# Super Flower Leadex Platinum 1000 W



## crmaris (Aug 6, 2013)

Super Flower hits the competition really hard with their new Leadex series units utilizing a fresh platform, promising Titanium efficiency levels with 230 VAC input. Today, we will test the Leadex Platinum 1000 W unit. How will it perform against the high-end competition?

*Show full review*


----------



## erixx (Aug 6, 2013)

It has a price, 245! wow!

Note:
In negative aspects you say "large footprint": I am not sure if that is optimal from a language point of view. A footprint is something that remains after the "foot" is gone elsewhere... But the dimensions of a body (in my humble opinion) stay intrinsically with the body all the time.


----------



## Jack1n (Aug 6, 2013)

Quite the PSU this is.


----------



## McSteel (Aug 6, 2013)

Nice review! You know you have a fantastic PSU on your hands when just about the only things you can fault it for are a lower efficiency 5VSB and a somewhat long housing...

Perhaps the latter is due to airflow dynamics? Probably SF's testing has shown the fan to be more efficient in a bulkier casing.

You didn't mention the peculiar behavior of the PSU at low loads, with regards to AC power draw... Did you ever find out what it was all about?

I have a theory of my own... SF probably uses one of the three APFC FETs as a driver for the other two, alternating which one of them it drives based on the current/voltage phase. The On-Semi controller SF used is a CCM controller after all, and it's capable of operating in both peak and average current mode. If they used average mode (which is more likely, since this particular part works at 67kHz, too slow for ultra-precise peak-mode operation at kW power levels), that would explain phase shifting the input to accommodate for switching time (fitting rise/fall of the FETs at lower bias into the incoming AC).

Does this make any sense to you?


----------



## radrok (Aug 6, 2013)

Been eyeing this PSU for quite a while, jonnyguru has had a review of this for quite a while and it gave me a very good impression.

Can't find it here in Europe, would like to try one though so let's hope some retailer stocks em up.

Did they give any word on their Titanium PSU they showcased earlier this year?

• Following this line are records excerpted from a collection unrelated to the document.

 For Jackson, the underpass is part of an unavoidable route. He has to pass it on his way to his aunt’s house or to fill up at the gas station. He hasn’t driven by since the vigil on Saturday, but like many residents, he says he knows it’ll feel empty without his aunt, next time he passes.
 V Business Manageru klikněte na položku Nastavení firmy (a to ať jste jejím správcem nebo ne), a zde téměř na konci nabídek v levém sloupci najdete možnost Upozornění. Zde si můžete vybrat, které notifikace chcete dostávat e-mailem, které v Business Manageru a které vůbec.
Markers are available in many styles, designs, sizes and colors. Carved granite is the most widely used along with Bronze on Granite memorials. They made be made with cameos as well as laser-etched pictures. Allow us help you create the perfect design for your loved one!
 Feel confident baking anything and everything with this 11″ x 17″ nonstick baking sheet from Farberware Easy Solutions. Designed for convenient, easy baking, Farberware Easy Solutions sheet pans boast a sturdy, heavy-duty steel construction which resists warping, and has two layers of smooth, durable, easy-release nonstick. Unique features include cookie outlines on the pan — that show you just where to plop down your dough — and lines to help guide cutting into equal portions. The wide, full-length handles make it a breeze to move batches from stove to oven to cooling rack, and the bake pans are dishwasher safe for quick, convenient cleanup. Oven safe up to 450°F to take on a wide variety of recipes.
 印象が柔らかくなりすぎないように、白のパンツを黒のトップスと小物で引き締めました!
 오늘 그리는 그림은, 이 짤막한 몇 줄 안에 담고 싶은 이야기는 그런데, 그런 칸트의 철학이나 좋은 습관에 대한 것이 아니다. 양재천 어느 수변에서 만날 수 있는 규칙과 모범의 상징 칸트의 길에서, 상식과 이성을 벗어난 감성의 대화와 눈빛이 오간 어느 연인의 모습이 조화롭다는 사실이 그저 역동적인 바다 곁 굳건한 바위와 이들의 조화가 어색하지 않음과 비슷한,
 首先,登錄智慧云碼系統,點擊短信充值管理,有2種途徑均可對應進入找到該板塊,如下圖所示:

Oh, thank you for the review


----------



## crmaris (Aug 7, 2013)

This is the Titanium PSU they were talking about, at least with 230 VAC (although 80 Plus certifies desktop PSUS only with 115 VAC) so it is more marketing.


----------



## crmaris (Aug 7, 2013)

McSteel said:


> Nice review! You know you have a fantastic PSU on your hands when just about the only things you can fault it for are a lower efficiency 5VSB and a somewhat long housing...
> 
> Perhaps the latter is due to airflow dynamics? Probably SF's testing has shown the fan to be more efficient in a bulkier casing.
> 
> ...



I mention this inside the review somewhere (the peculiar AC draw at low loads).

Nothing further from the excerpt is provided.